The "treachery" of the Graun and the silence of the rest of the media.

On Monday, the Graun ran an extraordinary story.  Detailing how GCHQ had spied on delegates at two G20 summits in London in 2009, it made clear how even those regarded as allies had had their emails intercepted, with agents having gone to the extent of setting up internet cafes so as to make the process easier.  Justified on the grounds of defending "economic well-being", a clause included in the Intelligence Services Act 1994, it was really something far more mundane: an attempt to gain any sort of advantage in the negotiations.

Considering how much the right-wing press love Gordon Brown, you might have thought that the Graun's revelations would have had a significant impact.  But no.  With the exception of a couple of follow-ups, it seems most of the rest of the media wasn't interested.  Nor were they taken with the Graun's live Q&A session with their source for all the stories on the NSA, Prism and GCHQ, Edward Snowden.  With the exception of an attack piece in the Mail by Stephen Glover, where the man who was one of the founders of the Independent now writes up what Paul Dacre tells him to, nor has there been any real criticism of the paper for what Glover calls "treachery".  Roy Greenslade wonders why.
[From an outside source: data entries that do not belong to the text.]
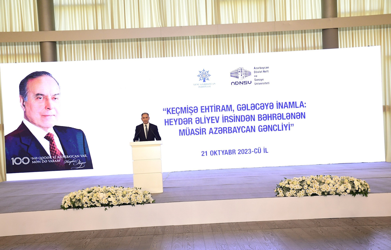 Dekabrın 9-da Yeni Azərbaycan Partiyasının (YAP) Mərkəzi Aparatı və Azərbaycan Dövlət Neft və Sənaye Universitetinin (ADNSU) birgə təşkilatçılığı ilə Ümummilli Lider Heydər Əliyevin anadan olmasının 100-cü ildönümünə həsr olunmuş “Heydər Əliyev və Yeni Azərbaycan” mövzusunda konfrans keçirilib.
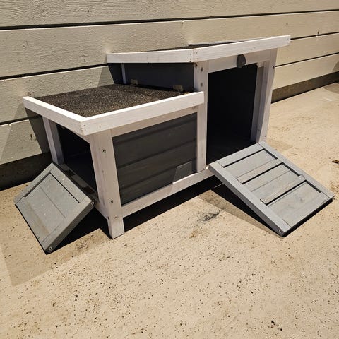 Romslig kaninhus som er brukt til store franske vedder kaniner. Enkelt å gjøre rent siden taket kan åpnes.
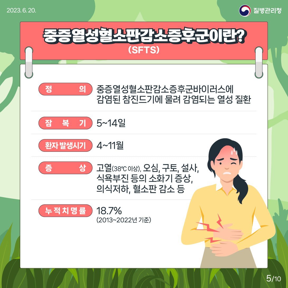 사실 이 병 때문에 이 글을 적었다고 해도 과언이 아니다. 중증열성혈소판감소증후군(SFTS)은 올해 19명이 발병했는데 그 중 4명이 사망하였다(21%이다. 올해가 좀 높다. 전체적인 치사율은 6%이다. 올해 사망자 수는 기사 쯔쯔가무시증‧SFTS 감염병 환자 절반은 ‘농작업’ 중 물려…"몸에 진드기 붙으면 병원에서 제거해야"를 참조하였다). 작은소참진드기에게서 옮는 바이러스성 질환으로 아직까지는 동아시아에서만 발견되었다고 한다. 진드기에게 물린다고 100% 걸리는 질병이 아니며 진드기에 따라 바이러스가 없는 개체들도 있어서 물렸다고 걱정하지 않아도 된다.
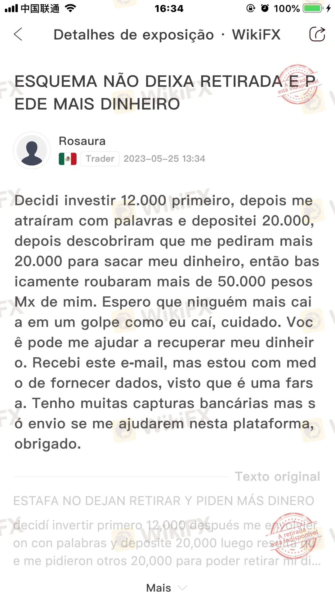 Nos últimos 3 meses, a WikiFX recebeu um total de 25 reclamações contra a corretora, expondo os problemas da corretora, como incapacidade de sacar fundos da conta e fraude! As vítimas estão localizadas no México, Colômbia, Peru e outras partes do mundo.

The most obvious answer, it seems, is that the D-Notice committee issued a polite note to editors after the first tranche of stories were given wide coverage.  While, as always, there had not yet been any contravention of the committee's guidelines, the "intelligence services are concerned that further developments of this same theme may begin to jeopardize both national security and possibly UK personnel".  How this could be the case when all the revelations have done is alerted the average citizen to just how far surveillance of the internet and phone calls has gone, with little in the way of oversight, and how GCHQ and the NSA work together is unclear.  If ever there was an example of the warning off of editors from publishing anything else, quite clearly this it.

All the same, as Dominic Ponsford writes, this doesn't explain why the media didn't bother to follow up the Graun's stories.  Once the Graun had breached the order, which is voluntary, the information was in the public domain and so there was no reason for the rest of the media to continue to abide by the order, as indeed happened once the news of Prince Harry's deployment to Afghanistan became public.  It also can't be that the Graun is now viewed as beyond the pale, else the original reports on the NSA wouldn't have been covered in the detail that they were.
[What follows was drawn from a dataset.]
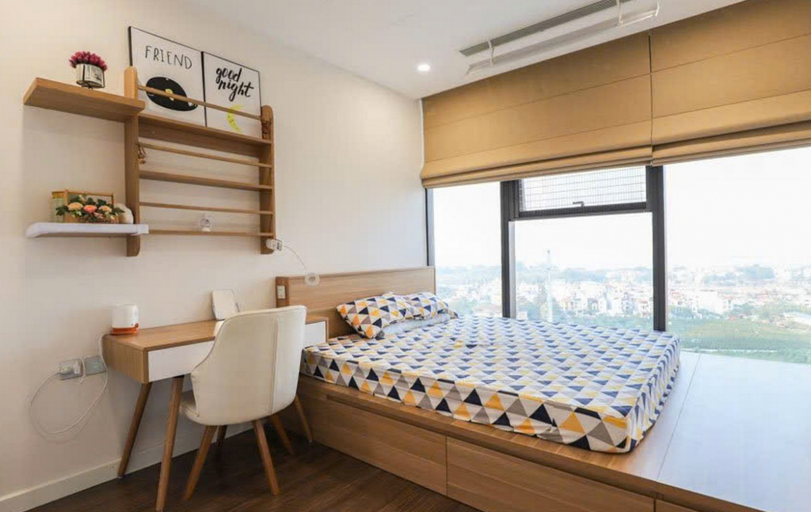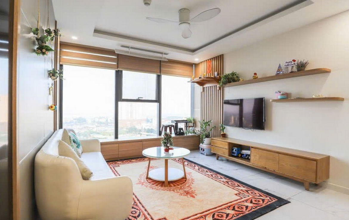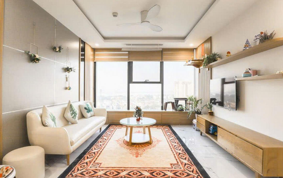 Phòng khách được bố trí linh hoạt với ghế dài gần cửa sổ. Cả 03 phòng ngủ đều có cửa sổ lớn giúp căn hộ tận dụng được nguồn ánh sáng tự nhiên.

It's more, as we've seen, that the security services are the one part of the state that tends to get a free pass from both right and left.  Where the left tends to have a blind side when it comes to the NHS and the right often seems to think the police can do no wrong (although even that's changed in recent times with the likes of the Mail deciding the police have become just another part of the PC (groan) state), both seem to be overwhelmed by how "keeping us safe" trumps civil liberties and basic accountability every time.  William Hague in the Commons didn't even attempt to seriously engage with the questions about how GCHQ worked with the NSA on Prism, he just said everything was hunky dory, and that was enough for both politicians and the press.  It is, as Greenslade writes, remarkable that the press that makes so much of its independence from the state and raises hell at the threat of regulation finds so little to worry about when it comes to the darkest reaches of government.